Houses with lower demand and moderate flexibility, such as House 2 and House 3, show similar patterns but with smaller absolute changes. House 2 starts with a battery of 1.25 kWh, decreasing to 0.93 kWh, and PV increases modestly from 10.77 kW to 11.13 kW. House 3 exhibits a reduction in battery size from 1.72 kWh to 1.22 kWh, with a slight PV increase from 11.45 kW to 11.81 kW.
House 4 and House 6, with medium-to-high demand and varying flexibility patterns, further highlight the interaction between demand magnitude and load flexibility. For House 4, battery size decreases from 2.15 kWh to 1.62 kWh, while PV increases slightly from 12.27 kW to 12.49 kW. House 6 experiences a similar battery reduction from 3.12 kWh to 2.19 kWh, while PV remains relatively stable around 12–12.5 kW, reflecting that flexibility during solar hours allows the system to utilize PV generation efficiently, reducing storage requirements without significantly affecting PV sizing.

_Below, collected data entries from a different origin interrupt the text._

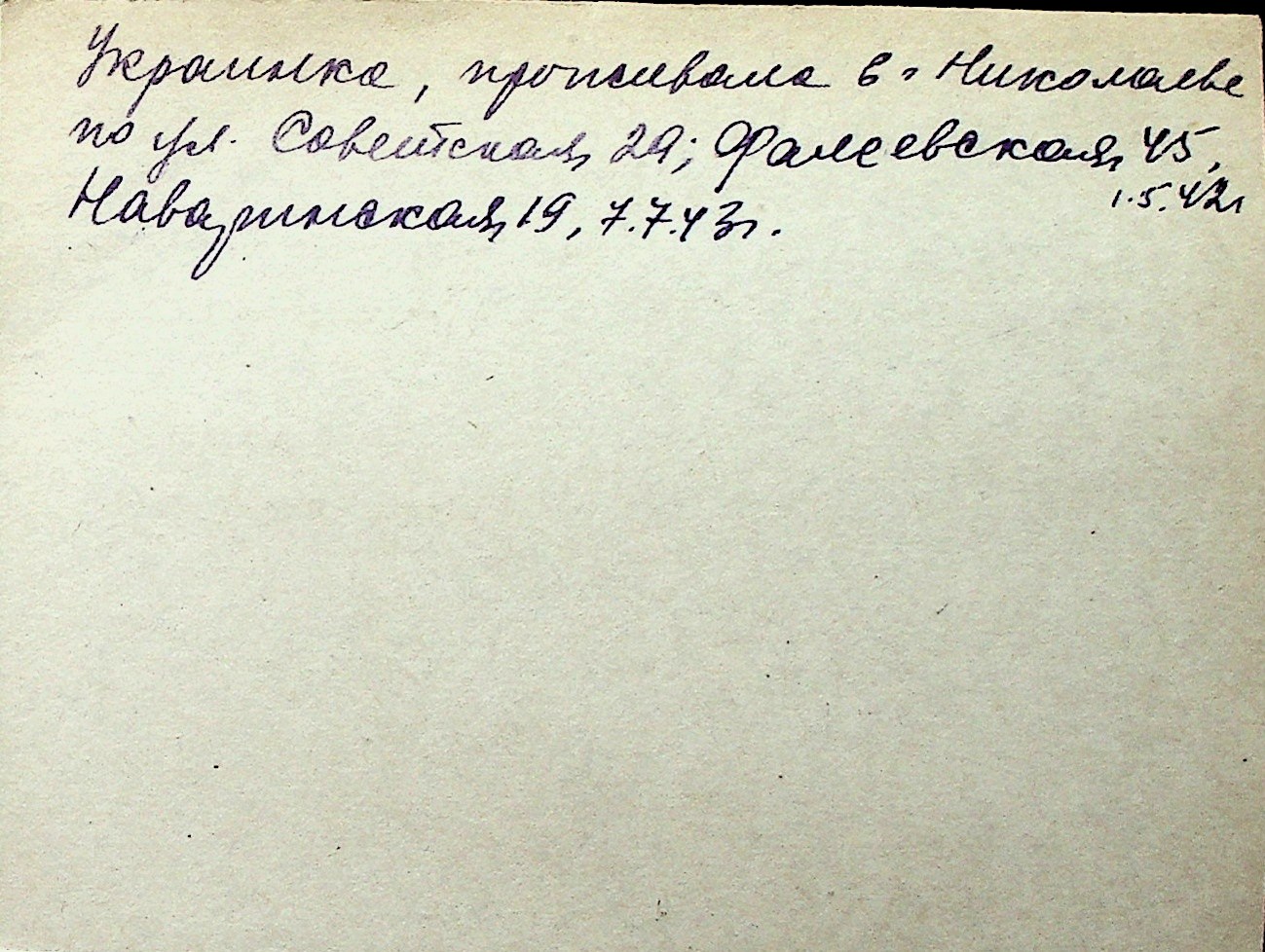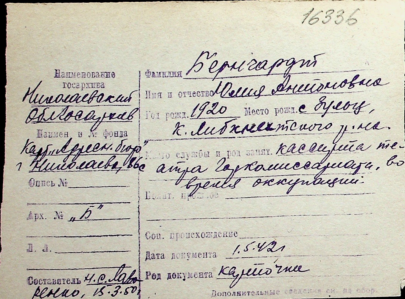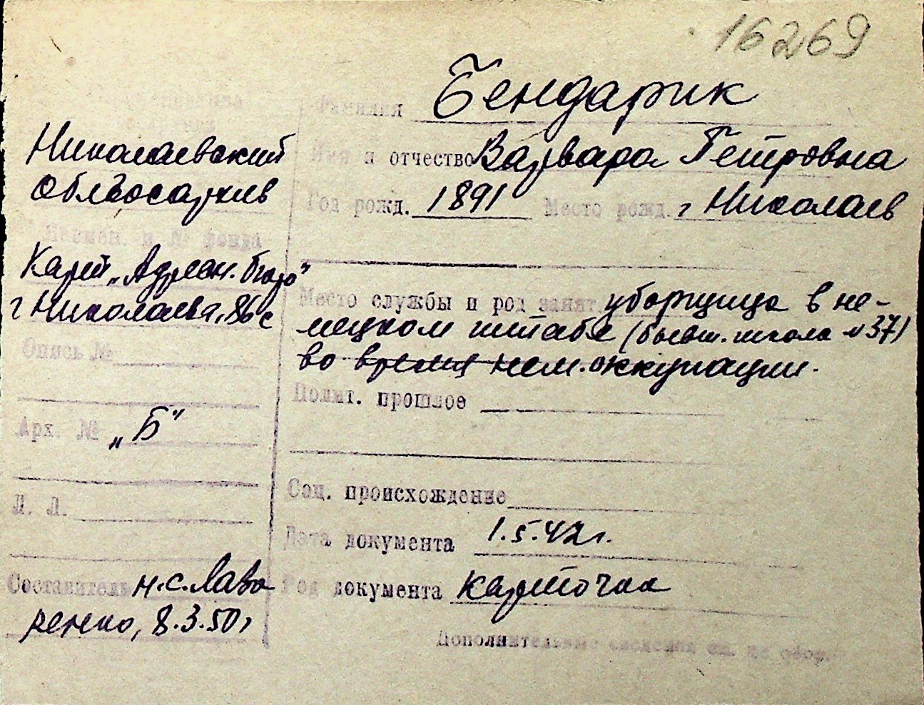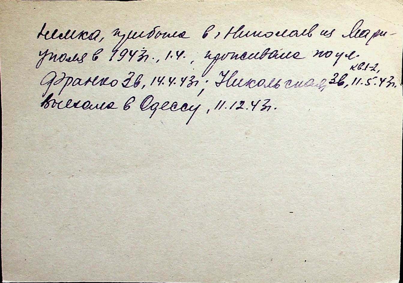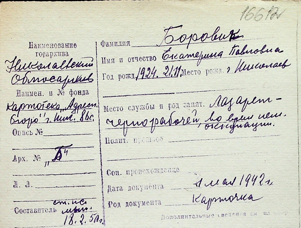◦ ◦ Перелік карток на осіб, які мешкали у м. Миколаїв у період окупації 1941–1944 років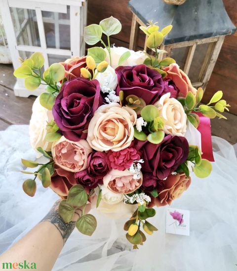 Őszi csokor, Menyasszonyi csokor, örökcsokor, selyemvirág csokor kitűzővel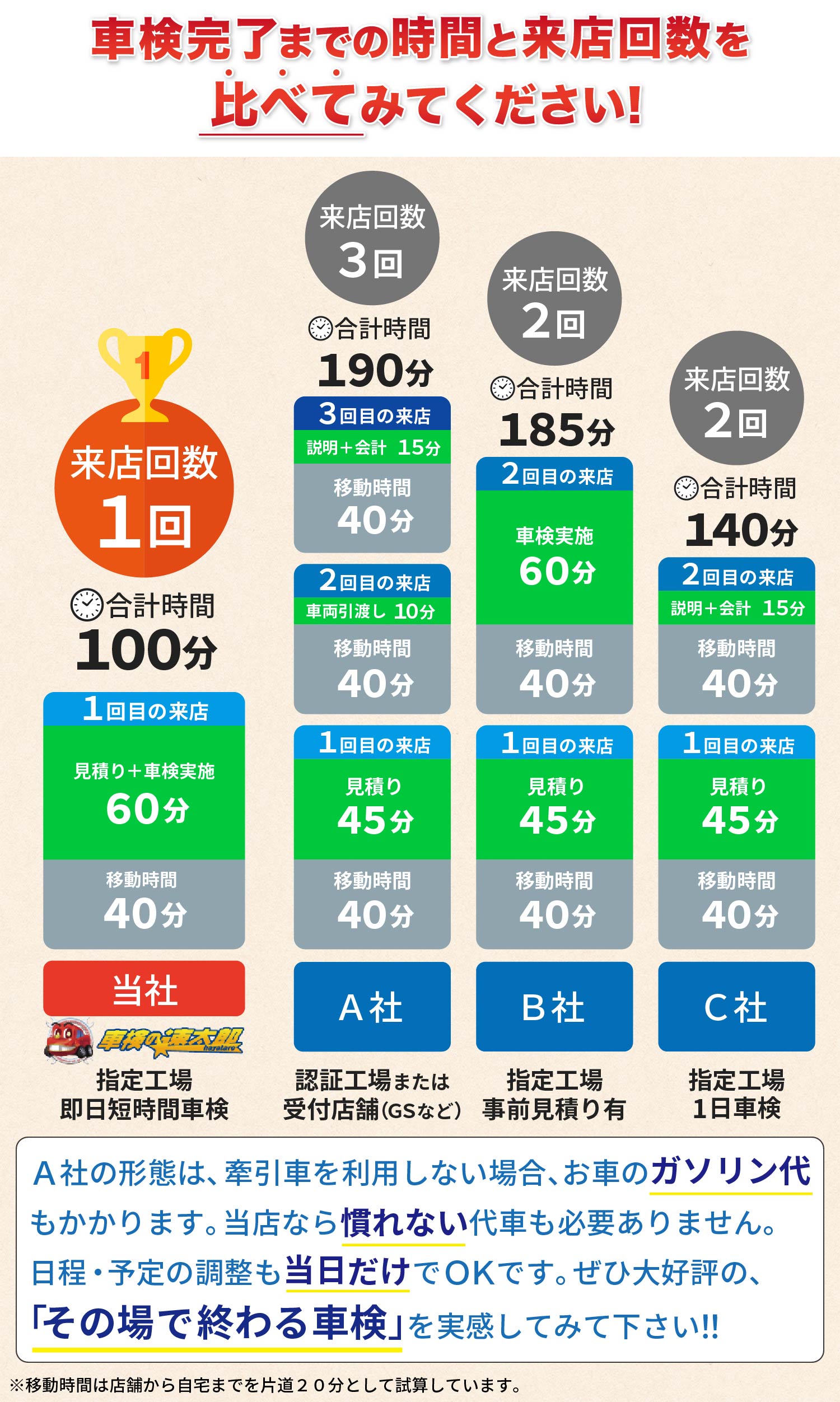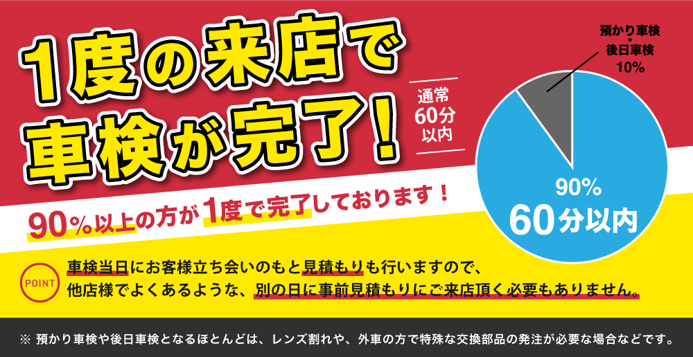 当店は、短時間車検を基本としておりますが、整備箇所が多い場合や部品取り寄せが発生した場合など、短時間で車検が完了できない場合も中にはございます。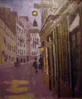 Returning for the moment to the glare of the lights, I found that when I looked at the painting from the right hand side, the glare subsided, and that all that remained were just a few specs where the paint was raised above the rest of the surface. Furthermore, from this position, the painting seemed to open up, as if the concertinaed lines of the shop facades were being pulled, expanding like bellows. Here, the street seemed to pull me on. Standing directly in front, it almost seems about to collapse upon itself.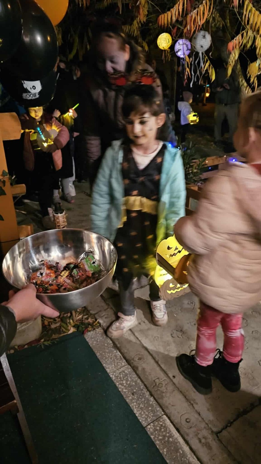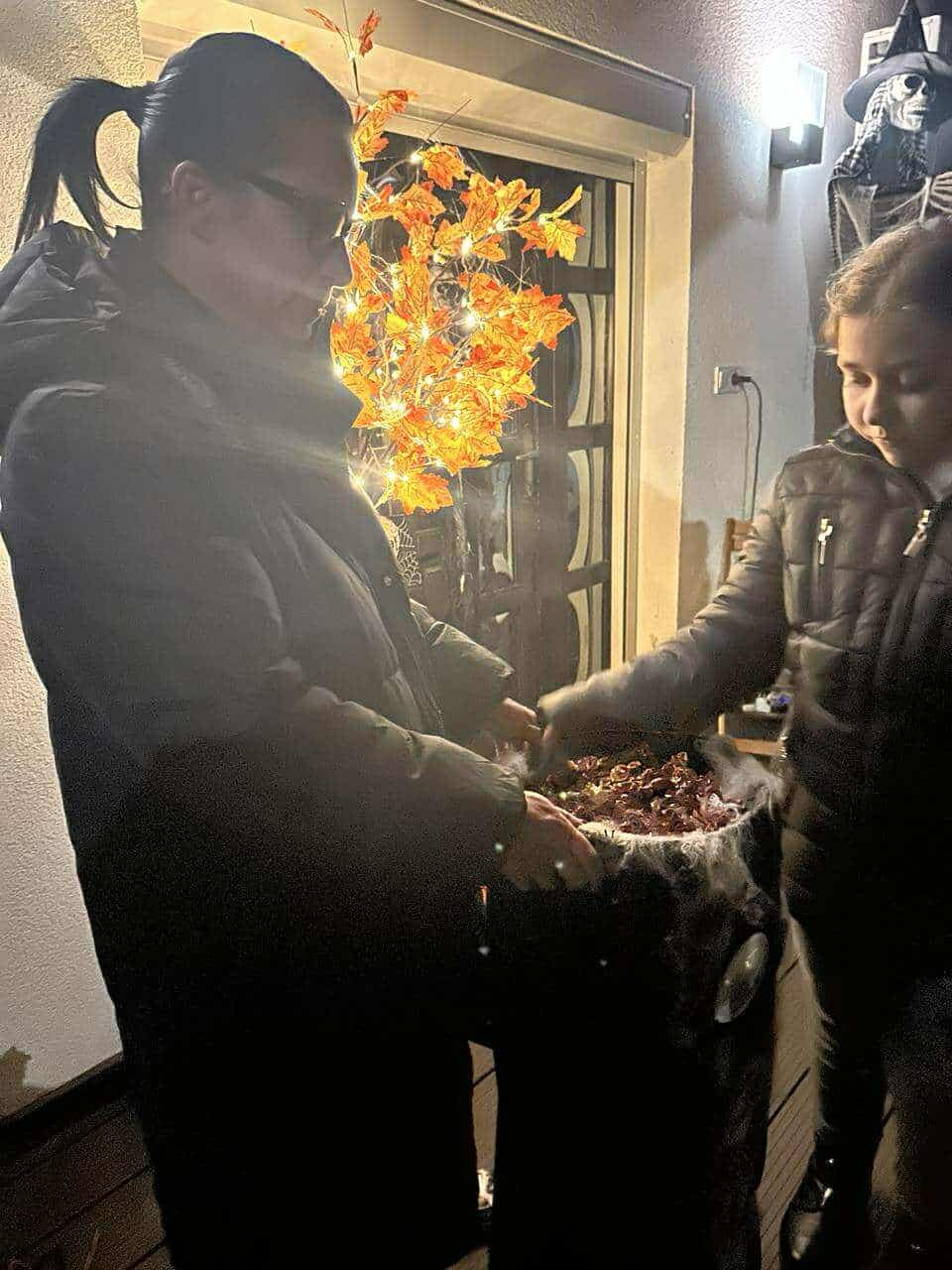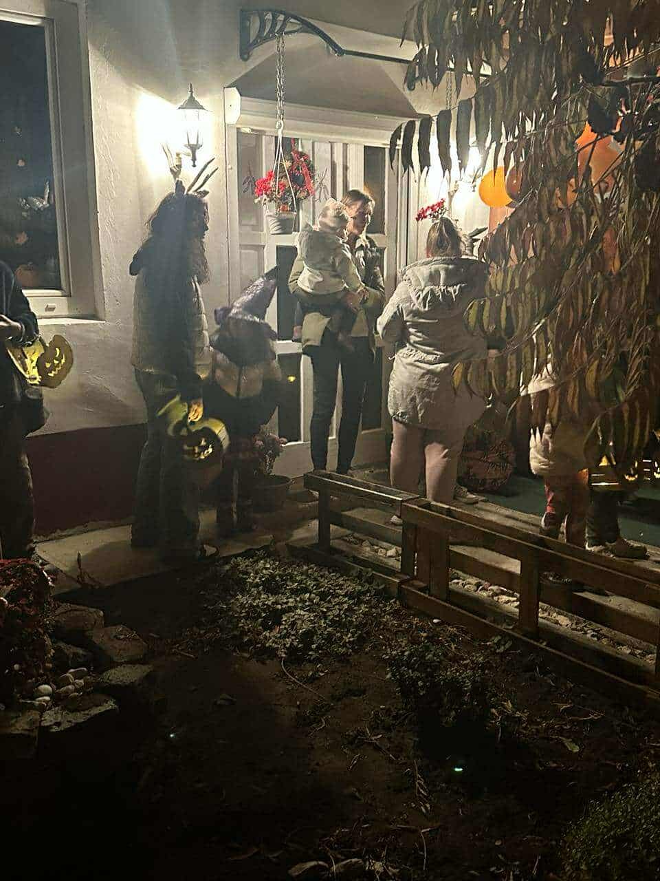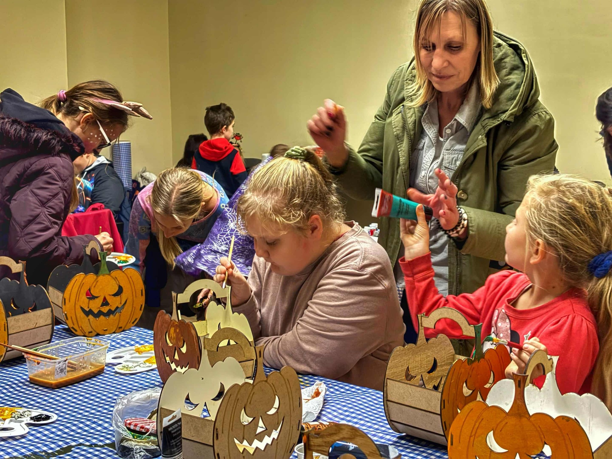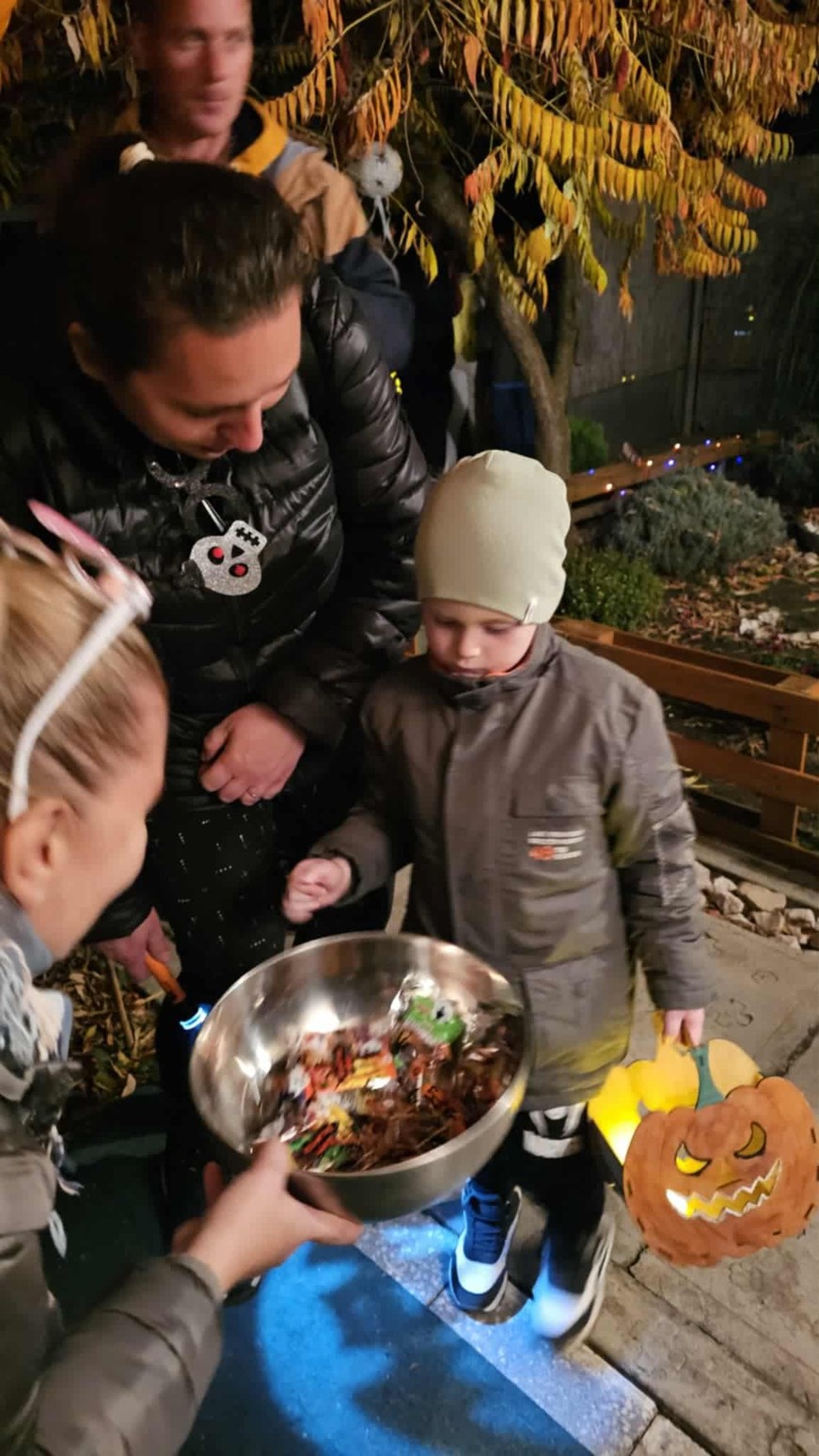 A gyerekek mosolygós arccal, nagy lelkesedéssel festették a tököket, kézműveskedtek, majd elindultunk közösen kopogtatni a faluban – „csokit vagy csalunk!” hangulatban.

Overall, the analysis demonstrates several clear trends. Battery sizing consistently decreases with increasing k due to aggregation smoothing peak demand, with reductions ranging from 25% to 33% depending on house demand and flexibility characteristics. PV sizing generally increases slightly to accommodate the total energy demand for aggregated loads, but can decrease in houses with high flexible loads outside solar production periods.
5.2 Effect of flexibility on demand scheduling
This subsection examines how increasing demand flexibility influences the scheduling of household energy consumption.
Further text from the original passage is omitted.